Judging by history, many of the tax measures would not have been easy for a Conservative government. This includes higher and broader taxation of windfall profits from the energy sector, reduction of the dividend allocation, extension of the coverage of the maximum rate of income tax, reduction of the annual exemption capital gains and larger corporate contributions to national insurance. . Spending cuts are delayed, with most cuts coming in the next legislature. The national living wage is increased by almost 10% while, on the expenditure side, education, health and social assistance are treated relatively favourably.

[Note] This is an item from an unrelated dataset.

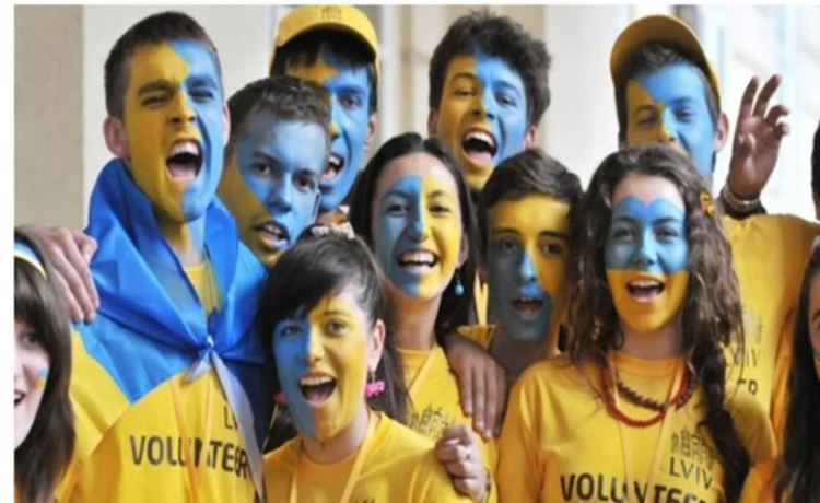
Європейська волонтерська служба

This does not mean that low income groups are not affected. Particularly because of what economists call the “tax drag,” more people will be drawn into the tax net because the minimum threshold for paying taxes remains constant at a time of higher nominal wage growth.

The real problem with a fall statement that swapped big bang measures for many smaller measures isn’t about narrow budget issues. It is much more about the high, inclusive and sustainable growth that the UK needs to meet the vast majority of its economic and financial challenges. Although the government has rightly emphasized the trio of energy investments, modernizing infrastructure and improving innovation, this is unlikely to constitute a sufficient policy package to promote productivity improvements and economic growth. required.

At a time of a slowing global economy and tighter financial conditions around the world, the government will need to closely monitor developments in the country’s growth momentum, lest its drive to restore fiscal credibility turn into excessive and self-destructive austerity. It will take more to, in the words of the Chancellor, turn the recession made in Russia into a recovery made in Britain.

His declaration will have to be followed by stronger measures to overcome the legacy of too many years of sluggish productivity and weak and insufficiently inclusive growth; redefining the UK’s international economic relations after Brexit; and to reorient the economy towards a greener and more dynamic future.

Without it, history might see it as little more than a well-meaning, but insufficient, attempt to restore dynamism and fairness to the British economy.